A virtual private network (VPN) based in China and designed to help evade that country’s restrictive government firewall is actually supported by a network of malware-infected nodes around the globe.
The network, which RSA Research has dubbed “Terracotta” is connected to a range of commercially available VPN software programs in China and includes more than 1,500 nodes. RSA says the network may also be a tool used by sophisticated hacking crews with links to the Chinese military, including the so-called “Shell_Crew” or “DeepPanda” groups.
RSA researchers said they have observed malicious activity associated with the Terracotta VPN nodes since 2013, though the scheme may date back long before that. Those behind the VPN software appear to have taken advantage of weakly secured and Internet connected hosts at organizations around the world to build a free network to support their remote access software, according to Kent Backman, a threat intelligence analyst at RSA FirstWatch.

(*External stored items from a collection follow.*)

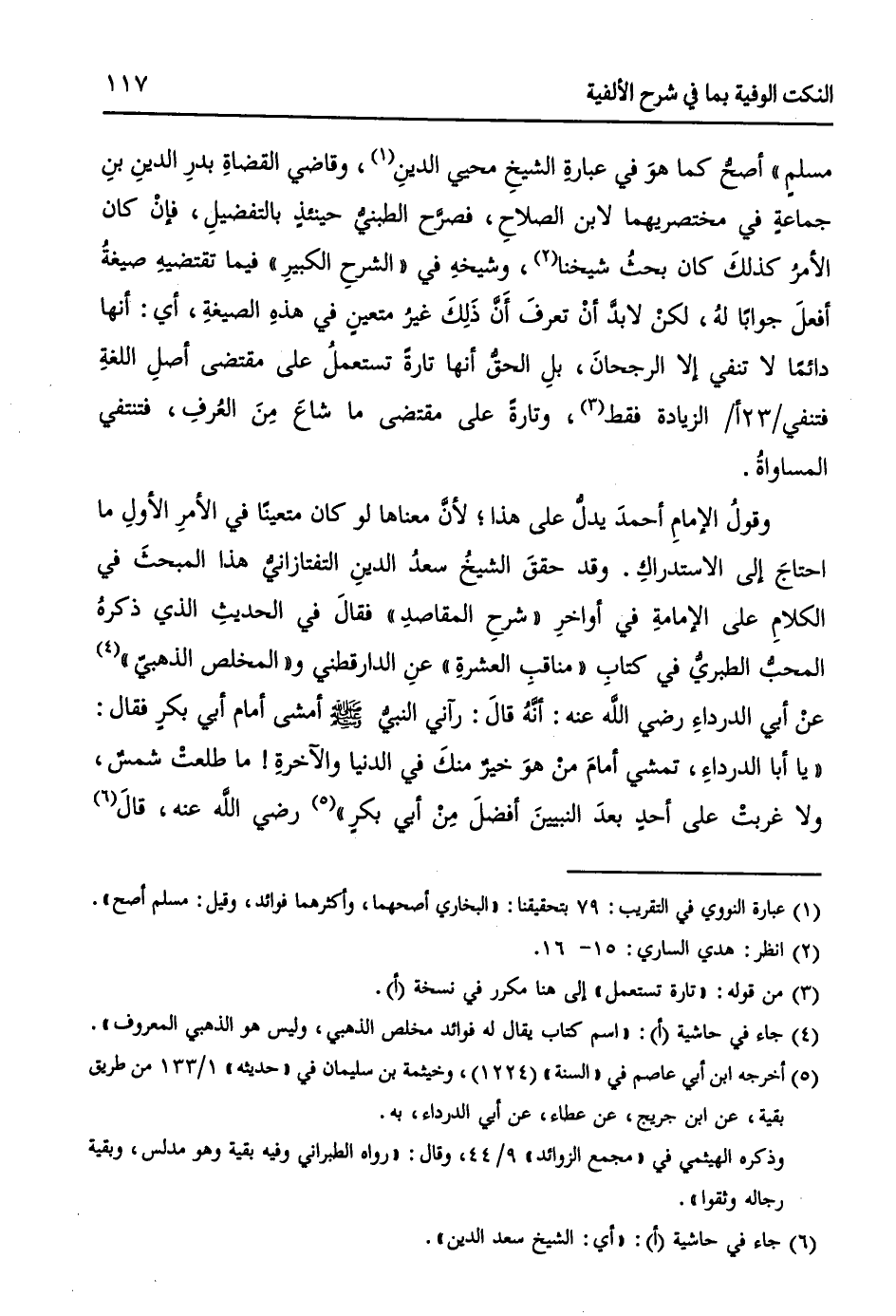 وقولُ الإمامِ أحمدَ يدلُ على هذا؛ لأنَّ معناها لو كانَ متعيناً في الأمرِ الأولِ ما احتاجَ إلى الاستدراكِ. وقد حققَ الشيخُ سعدُ الدينِ التفتازانيُّ هذا المبحثَ في الكلامِ على الإمامةِ في أواخرِ "شرحِ المقاصدِ" فقالَ في الحديثِ الذي ذكرهُ المحبُ الطبريُّ في كتابِ " مناقبِ العشرةِ " عنِ الدارقطني و"المخلص الذهبيّ " (¬4) عنْ أبي الدرداءِ - رضي الله عنه -: أنَّهُ قالَ: رآني النبيُّ - صلى الله عليه وسلم - أمشي أمام أبي بكرٍ فقالَ: ((يا أبا الدرداءِ، تمشي أمامَ منْ هوَ خيرٌ منكَ في الدنيا والآخرةِ! ما طلعتْ شمسٌ، ولا غربتْ على أحدٍ بعدَ النبيينَ -أفضل مِنْ أبي بكرٍ)) (¬5) - رضي الله عنه -، قالَ (¬6)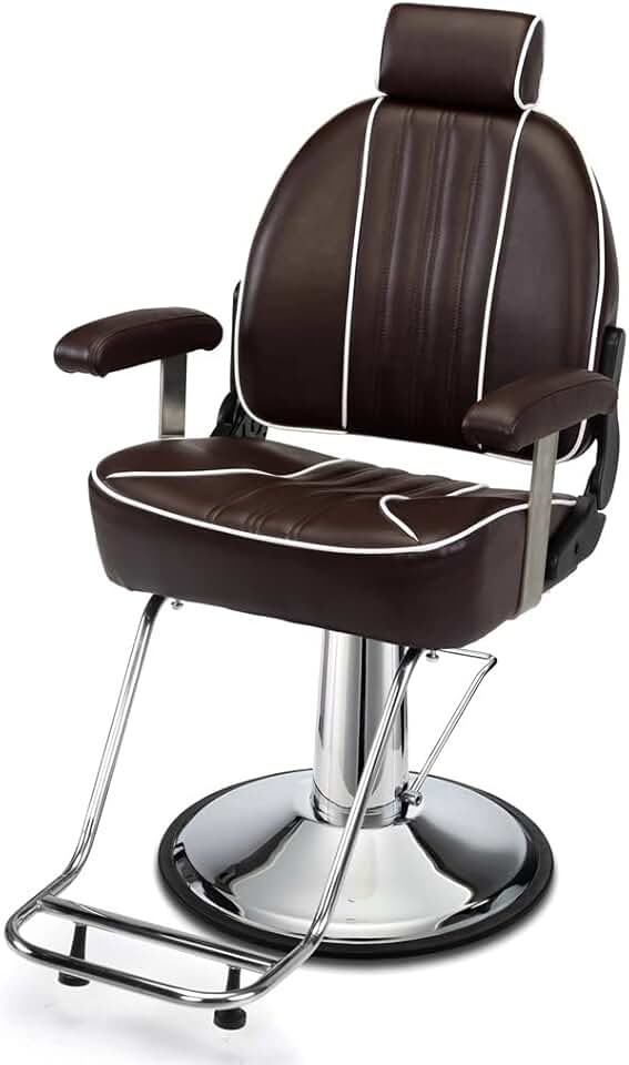PVC Leather Barber Chair with Headrest - Brown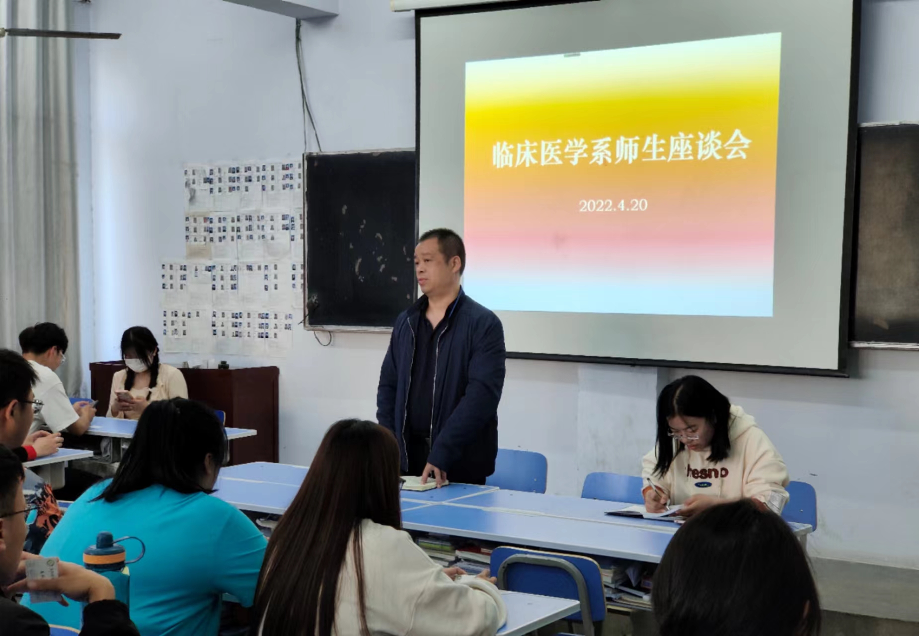 为进一步推动“观念能力作风建设年”活动走深走细,落实立德树人根本任务, 4月20日下午,临床医学系在孔明校区召开21级师生座谈会。系党总支书记秦玖刚等系领导、21级全体辅导员、学生会主要干部和各班级100余名学生代表参会。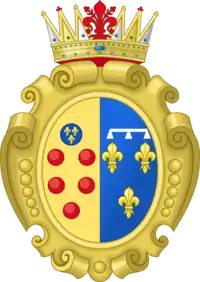 Marguerite Louise and Cosimo greeted each other with indifference, and, according to Sophia, Electress of Hanover, they only slept together once a week.[10] Marguerite Louise, two days after their marriage, demanded possession of the Tuscan crown jewels from Cosimo, who replied that he did not have the authority to give them.[11] The jewels that she did manage to get from Cosimo she tried to smuggle out of Tuscany, only to be stopped by the Grand Duke.[11] Marguerite Louise's indifference, after this incident, turned to hatred, compounded by her continued love for Charles of Lorraine, from whom she was forced to part at Marseilles.[12] On one occasion, she threatened to break a bottle over Cosimo's head if he did not leave her chamber.[9] Her hatred of Cosimo, however, did not prevent their doing their mutual duty by having children: Grand Prince Ferdinando in 1663, Anna Maria Luisa in 1667 and Gian Gastone in 1671.
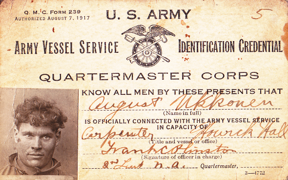 ![]() August oli puuseppänä Army Vessel Servicessä |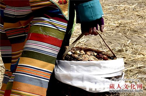 早上9时30分许,农田里白色的桑烟升腾。两位僧人为村里的开耕春播念经祈福;十位能歌善舞的妇女站成一排,吟唱着吉祥的歌曲;村民们则为唱歌的妇女和即将耕种的男女敬献哈达、切玛、青稞酒。这是祈愿新的一年风调雨顺、五谷丰登。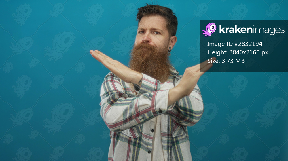 Man with full ginger beard and plaid shirt crosses arms in x gesture on a blue studio set; rejection.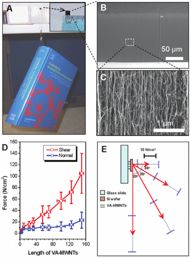 圖8 A:利用碳納米管陣列制成的壁虎膠帶吊起一本1480克重的書,B-C: 碳納米管陣列的形貌,? D-E:? 壁虎膠帶的力學性能測試結果[4]?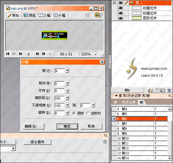 本例主要針對一個logo的漸隱效果做出仔細講解 本例涵蓋了fw所有的主要動畫技巧 對初學者來說可能有點難,但只要仔細揣摩,那么用fw做gif就可以完全掌握
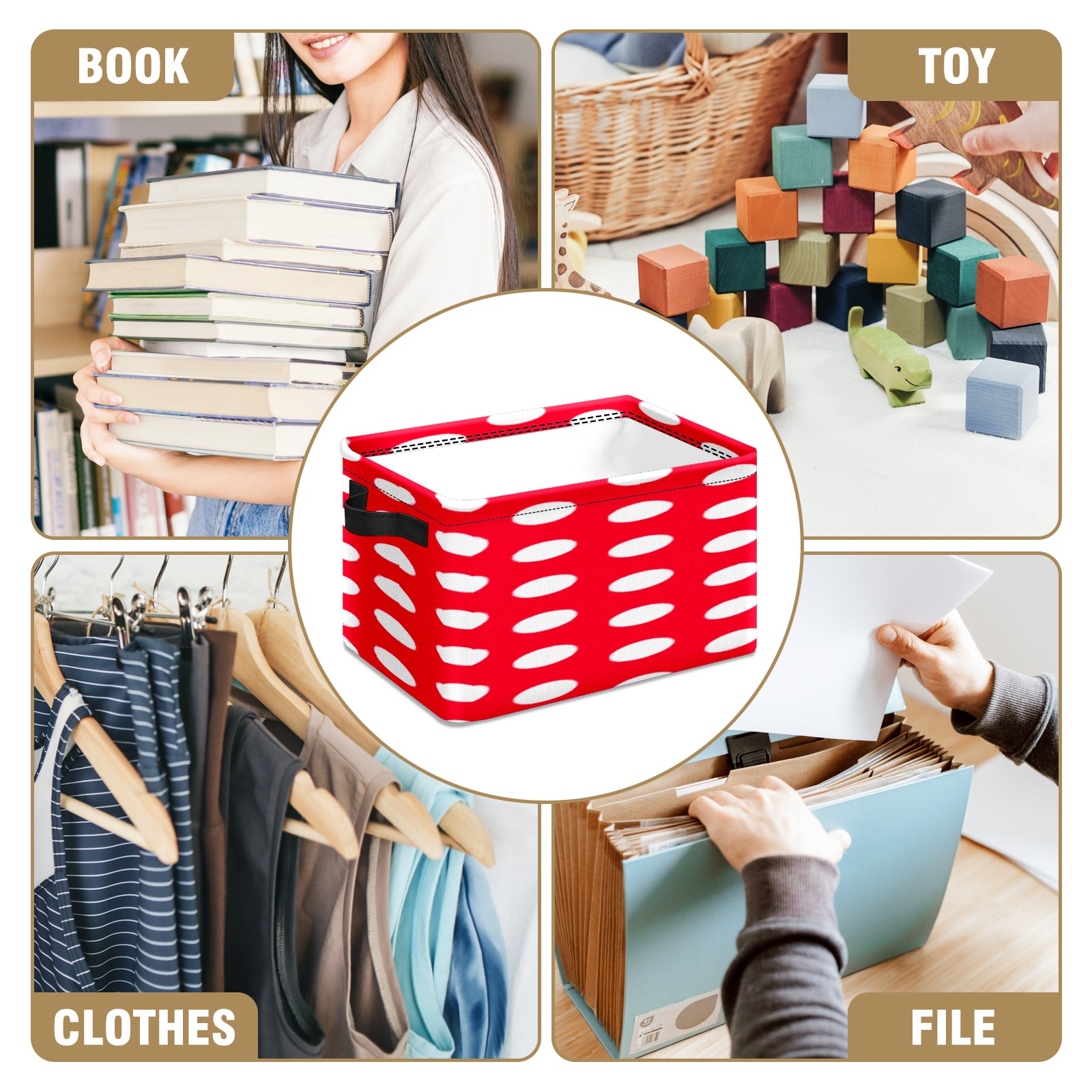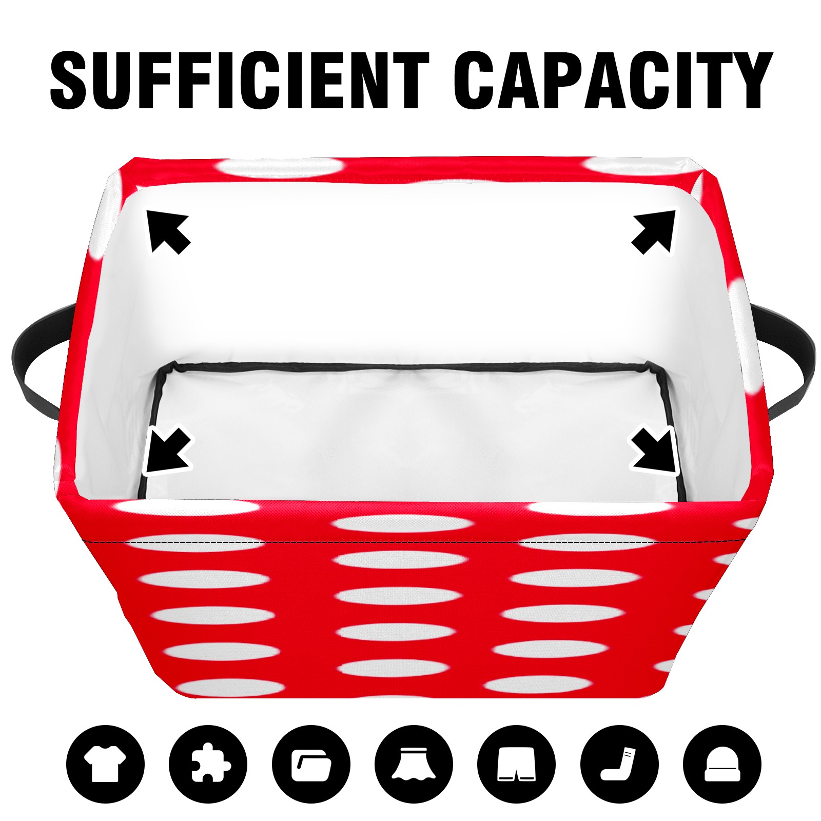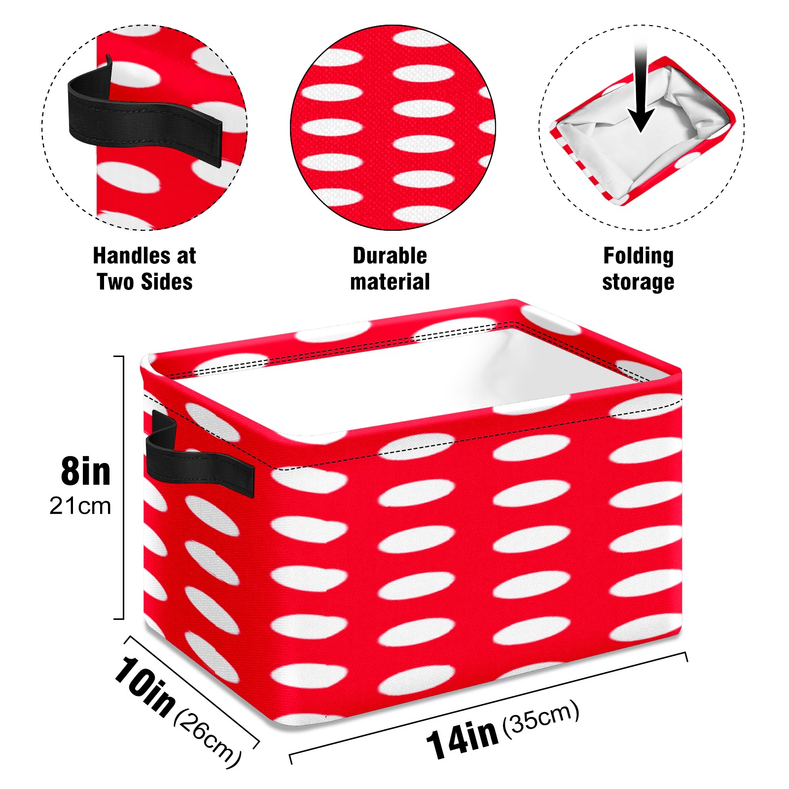 Collapsible 600D Oxford Storage Basket with Modern Red White Polka Dot - Metal Frame 10"x14"x8" Reinforced Handles, Multi-Purpose Organizer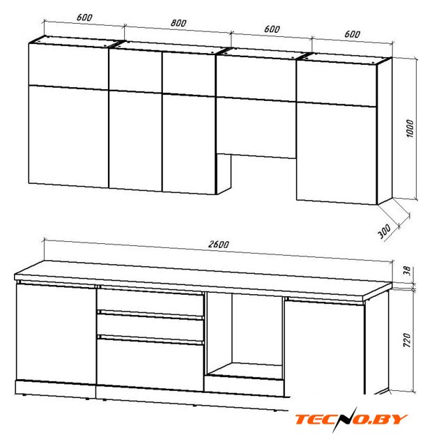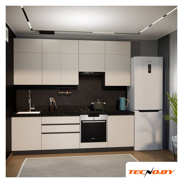 линейная, длина 290 см, ширина 60 см, каркас ЛДСП, фасад МДФ пленочный, установка мойки: врезная мойка, ширина шкафа под мойку 60 см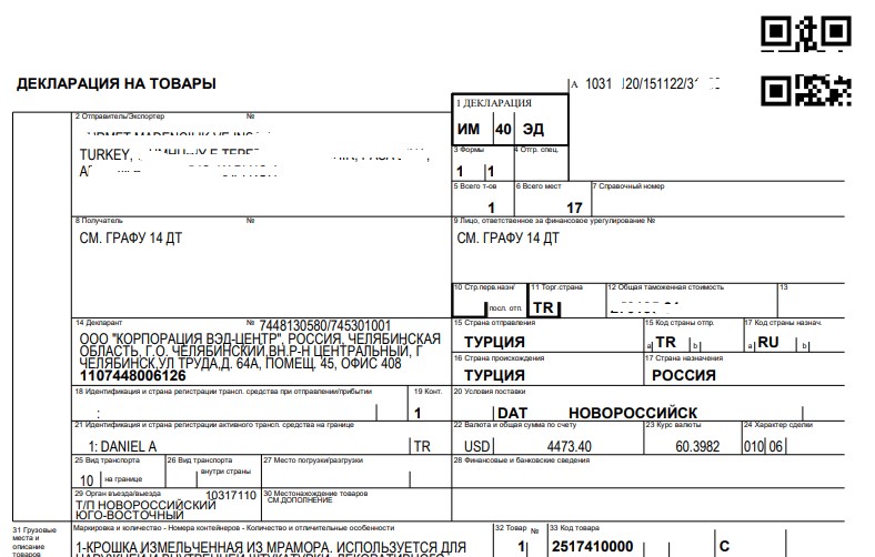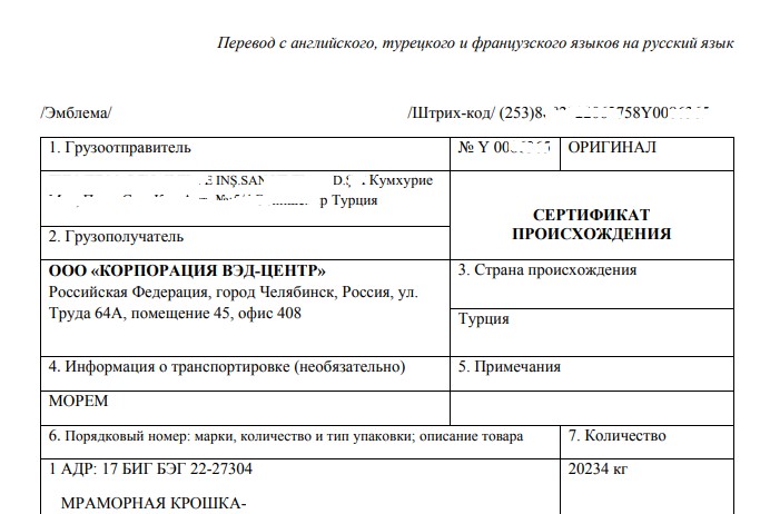 В нашу компанию обратился покупатель из России для приобретения мраморной крошки из Турции. У клиента была потребность приобретения товара на территории России.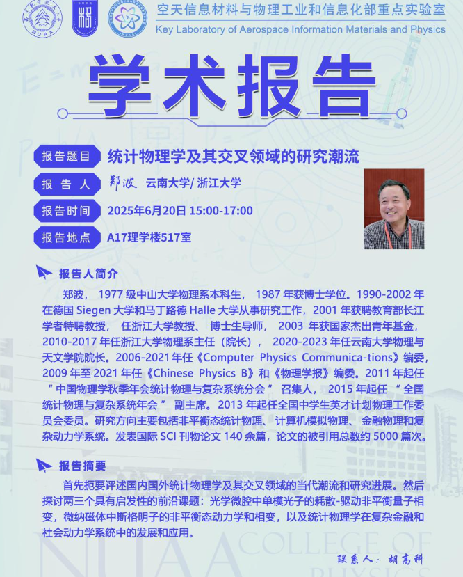 报告题目: 统计物理学及其交叉领域的研究潮流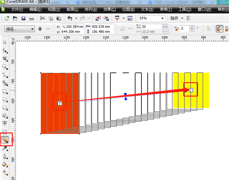 2、選擇“交互式調(diào)和工具”,點(diǎn)擊其中一個(gè)矩形并向另一個(gè)矩形中間拖動(dòng)。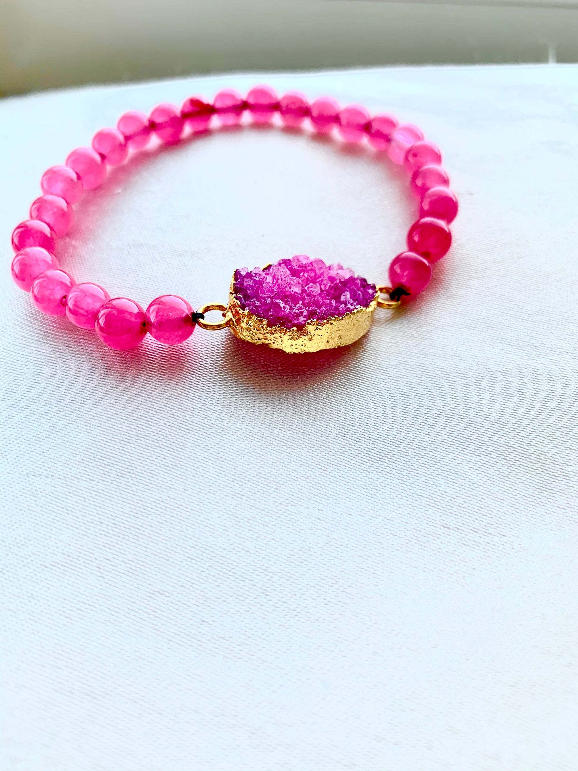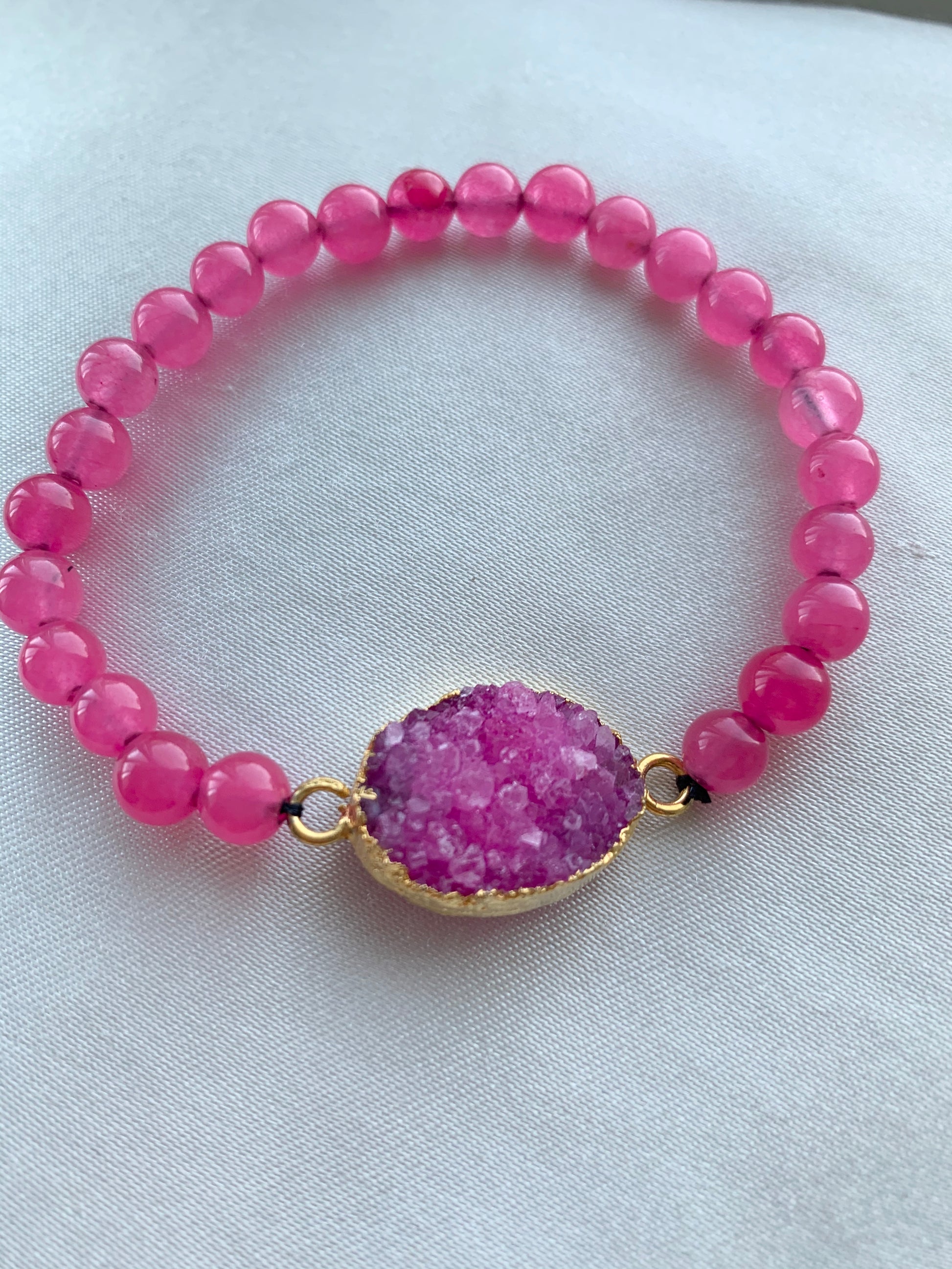 A chic elastic bracelet featuring glossy pink beads and a shimmering druzy quartz centerpiece, exuding playful elegance.

The infected nodes were often associated with legitimate organizations in the U.S. and elsewhere. That allowed malicious actors to piggyback on the compromised organization’s good reputation in carrying out attacks targeting other organizations, researchers said.
Among the organizations targeted were a Fortune 500 hotel chain and engineering firm, in addition to other targets: a state department of transportation, a charter school in the southwestern U.S., and so on, Backman said.
Vulnerable Windows servers that were accessible – directly or indirectly – from the Internet were a common theme.
“A common trait shared with all confirmed victims is that they had Internet-exposed Windows servers without hardware firewalls,” RSA wrote.
Brute force attacks on administrator accounts were followed by remote desktop logins and the planting of additional malicious software were common across infected systems. In at least one case, the victim was forced to upgrade their Internet connection because of traffic through the compromised system that was acting as a Terracotta VPN node.
“Generally speaking, these are servers that failed Security 101,” Backman said. “Either they were not behind a firewall, or it was a forgotten test server that was exposed to the Internet,” he said.
The VPN software in question is “white labeled” under many different brands within China. Many are associated with specific web sites and are marketed as a way to allow Chinese citizens to surf the web without the obstacle of the state firewall.
Malicious VPN networks are commonly used among criminal groups in Europe and elsewhere, said Backman. But it is unusual to find an otherwise above board VPN provider relying on malware and malicious hacks to support their product. “I’ve been studying China for 10 years and I’ve never seen something like this.”
RSA will publish indicators of compromise for the Terracotta infection and update the company’s customers. The company is encouraging organizations to check their own network logs and other sources of information for possible signs of infection.